9 signs that your organisation may need a redesign

When people hear the phrase ‘organisation design’ they often assume it means large-scale top-down change (think of the big restructures you see off the back of new strategies, mergers and acquisitions, or rising cost pressures).

But thinking about how work gets done needn’t be a ‘big bang’ exercise to drive significant change everywhere. In fact, organisations that can respond in smaller (and timelier) ways to day-to-day friction in their operating models have the potential to yield bigger benefits with less disruption.

To illustrate this, at Kindred we like to use the analogy of a garden. A garden is a complex system that cannot be fully predicted or controlled. It can get a bit unruly if neglected over time – some plants grow beyond the initial plan, whilst others don’t thrive as hoped. Successful gardeners don’t create something then leave it unchecked for years. They monitor and tend to it.

Just like the natural world, organisations are complex systems. They also can’t be fully predicted or controlled. Creating the best environment requires ongoing attention, and an ability to spot signs that an intervention is needed.

If you’re experiencing day-to-day challenges in relationships, decision-making or delivery, they may point to unresolved organisation design questions. Here’s some things to look out for:

Relationship Indicators

Leaders get on well with one another, but their teams are butting heads

It might just be about personalities, but ongoing interpersonal tensions between teams on the ground can also indicate a lack of functional clarity. If there isn’t alignment on how each team is intended to contribute, then friction can easily arise. This issue often bubbles under the surface if the leaders at the top are constantly acting as mediators or avoiding conflict altogether.

There’s high reliance on two people seeing eye-to-eye

If your organisational progress depends on two leaders agreeing on everything then it’s likely a case of blurred accountabilities. If they tend to be of like mind, the cost is probably inefficiency (e.g. people needing to get two ‘sign offs’ on a given piece of work). If they tend to disagree, then it’s a recipe for chaos for the teams around them.

Teams don’t seem to talk to one another

There can be multiple drivers for poor communications between teams, but it’s worth considering whether it’s clear who needs to stay connected to whom. ‘Joining the dots’ in a complex organisation isn’t easy, and often teams aren’t talking because individuals within them don’t have explicit responsibilities to do so

Decision-making indicators

Decisions go round the houses

Some organisations can be culturally ‘consensus-driven’ but when decisions tend to go through lots of circular conversation, it can indicate a large number of ‘consulted’ parties but no one ‘accountable’ one. Decisions that involve a high degree of commitment, complexity or cost probably should involve a lot of people, but there needs to be a person (or a clear mechanism) to channel perspectives and make a call.

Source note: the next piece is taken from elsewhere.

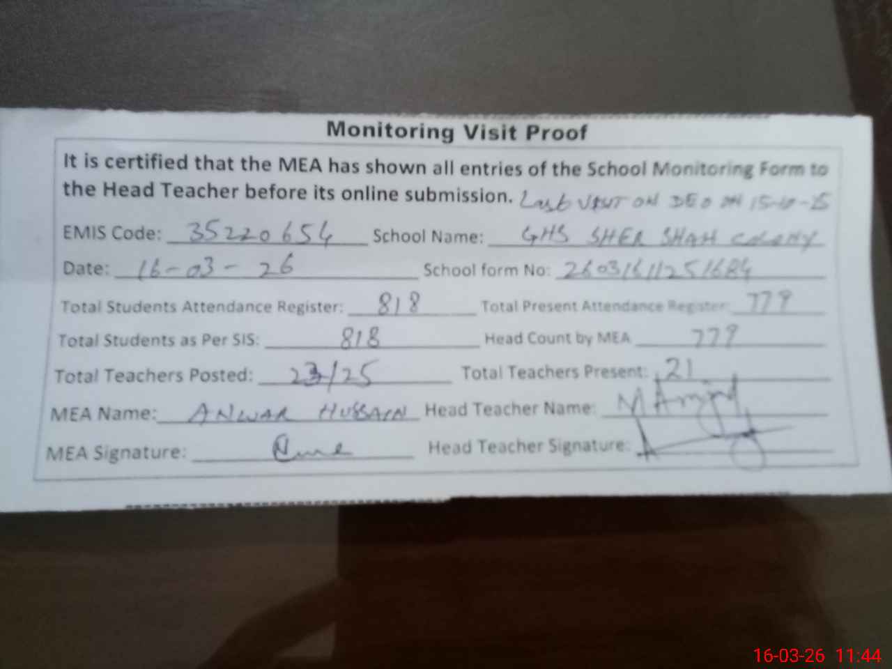 | Attendance Register | Head Teacher | MEA with School | Visit Proof |
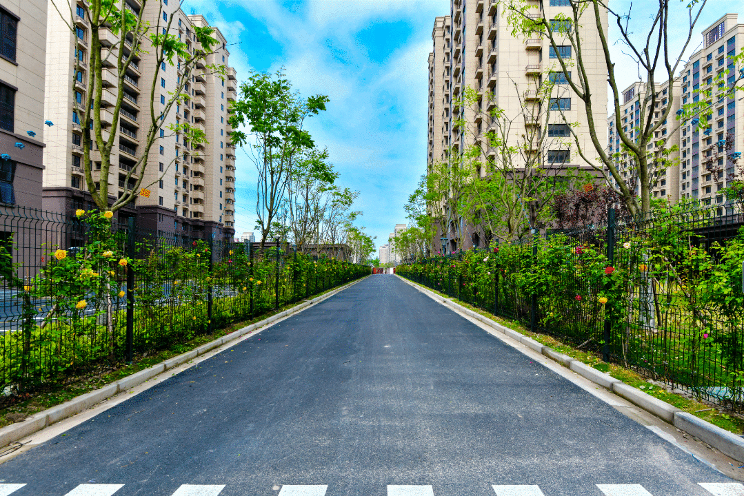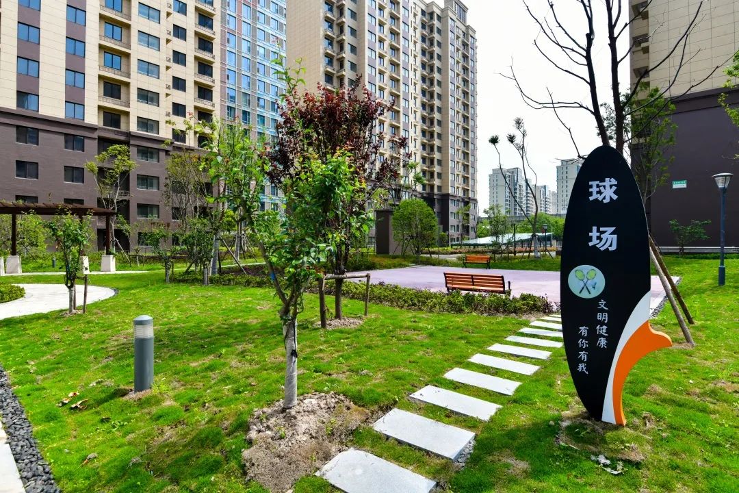 进入小区,首先感受到的就是开阔的空间,路面上各类标识、标线规范划定,小区绿化让社区绿意盎然,儿童活动区、健身点、球场、书报栏、户外休闲活动厅等为社区居民休闲、运动提供了好去处。

The same decision is being taken in multiple places

There are plenty of instances where different teams grappling with the same decision isn’t an issue; most take their own calls on how to run team meetings, for example. But when the same large-scale organisational decision is being discussed in multiple places, it could signify that there are duplicative agendas at play and an inefficiency in the use of time and energy.

Decisions get made in the room and then unmade outside it

If information changes, it can be right to go back on a decision. But if there is a tendency for decisions to be made by the relevant people in the room and then reversed outside it, it signifies that your governance structures aren’t doing the job they need to. Maybe the notional decision-makers aren’t really empowered to make the call, or maybe the forums themselves aren’t conducive to making firm decisions. Either way, it results in lost time and increased confusion.

Delivery indicators

You can’t get the relevant people together quickly enough

“The diaries are a nightmare” is a phrase I hear in every organisation. And it’s true. Modern matrixed businesses have significant interdependence baked in. And managing that interdependence requires interaction. But if you find you can’t make progress on a key project because just scheduling the time to get the relevant people together is impossible, then you may well have too many contributors who are each playing too narrow a role.

There’s ‘nice to have’ activity in some places, and a lack of progress in others

Teams can vary in their effectiveness – at a given time some may be at the ‘performing’ stage whilst others are still ‘forming’ or ‘storming’. That said, if you’re noticing that certain functions are able to deliver ‘nice to have’ activity whilst others are struggling to move forward on critical priorities, it might be a sign that resources are no longer aligned to strategic priorities.

Certain individuals have become major bottlenecks

It’s not always easy for leaders to ‘let go’, and a member of your team being a bottleneck to progress could have a behavioural driver. There is, however, a natural tendency for organisations to reward high performers with more responsibilities. If you’ve hit a point where one person’s capacity has become the blocker to progress, it could indicate that individual portfolios have become unbalanced and there’s a need to redress them.

What you can do

If you’ve identified some of the challenges above, the next step is to gain a deeper understanding of what is going on beneath the surface. It may be that the solution lies in addressing individual behaviours, but those behaviours are likely to be heavily influenced by the organisational context. Being willing to take stock and tinker with the system where things aren’t working makes work a better place to be, and means that the once-every-few-years major redesign might not be needed after all.